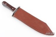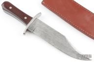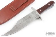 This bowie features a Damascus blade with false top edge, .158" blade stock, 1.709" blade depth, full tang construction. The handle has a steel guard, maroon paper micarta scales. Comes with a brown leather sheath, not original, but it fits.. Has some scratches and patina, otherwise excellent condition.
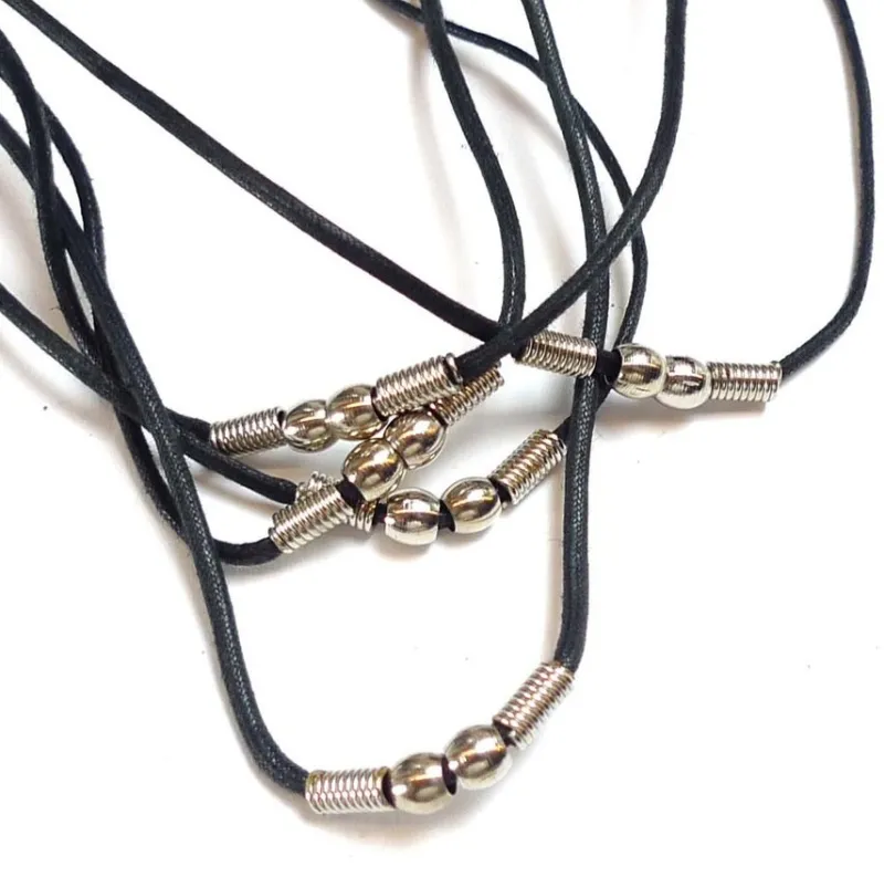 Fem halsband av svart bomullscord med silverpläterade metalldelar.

■ ■ ■

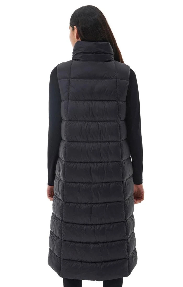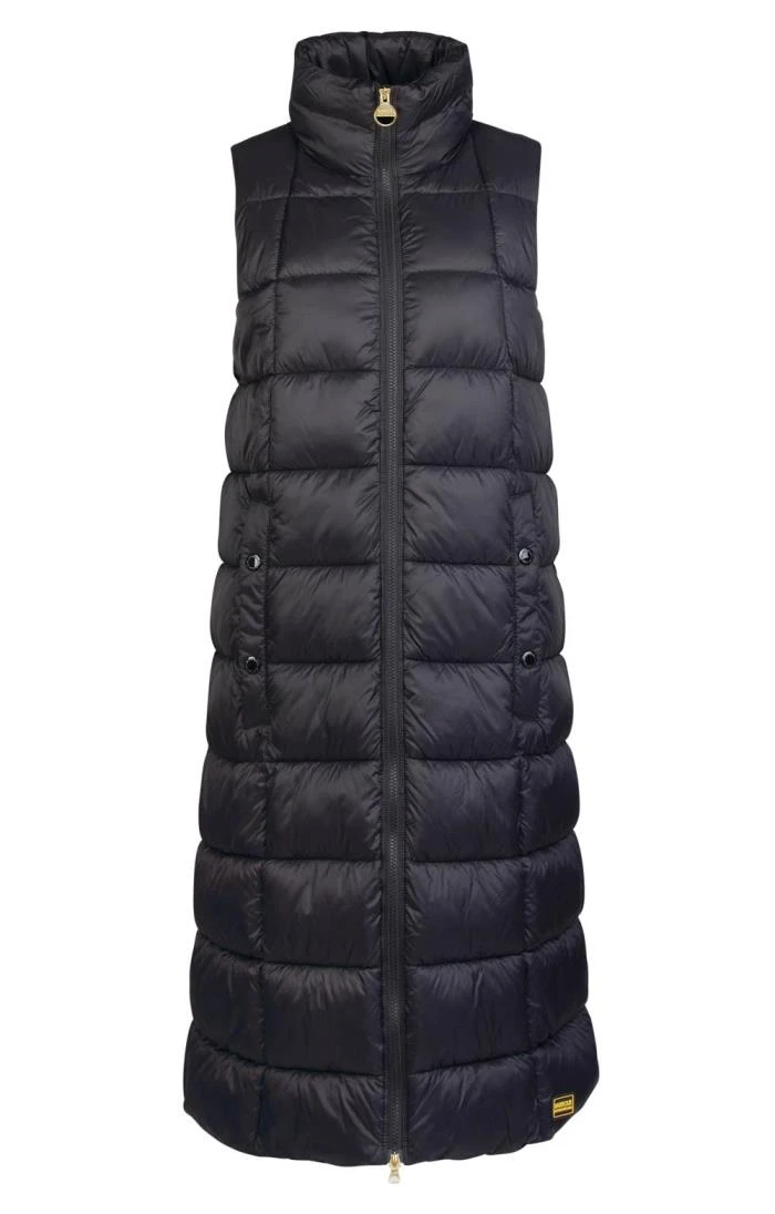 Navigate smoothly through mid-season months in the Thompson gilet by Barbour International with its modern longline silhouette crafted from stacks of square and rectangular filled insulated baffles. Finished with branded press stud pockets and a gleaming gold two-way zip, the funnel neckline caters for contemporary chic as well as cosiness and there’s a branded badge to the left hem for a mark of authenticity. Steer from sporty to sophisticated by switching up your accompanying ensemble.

■ ■ ■

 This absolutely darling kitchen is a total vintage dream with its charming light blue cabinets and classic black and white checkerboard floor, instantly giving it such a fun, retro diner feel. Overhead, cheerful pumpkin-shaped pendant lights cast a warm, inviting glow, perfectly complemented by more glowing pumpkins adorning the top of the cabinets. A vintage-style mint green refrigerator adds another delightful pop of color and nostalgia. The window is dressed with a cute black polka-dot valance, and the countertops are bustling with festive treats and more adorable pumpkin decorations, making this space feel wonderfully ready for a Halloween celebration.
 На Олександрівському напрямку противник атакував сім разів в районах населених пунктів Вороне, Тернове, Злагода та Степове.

■ ■ ■

== Problem details ==
Look back at the data above, then output exactly the lines from the line holding "This bowie features" up to and including the line holding "Fem halsband av". Leave out the pictures.

== Exercise solution ==
 This bowie features a Damascus blade with false top edge, .158" blade stock, 1.709" blade depth, full tang construction. The handle has a steel guard, maroon paper micarta scales. Comes with a brown leather sheath, not original, but it fits.. Has some scratches and patina, otherwise excellent condition.
 Fem halsband av svart bomullscord med silverpläterade metalldelar.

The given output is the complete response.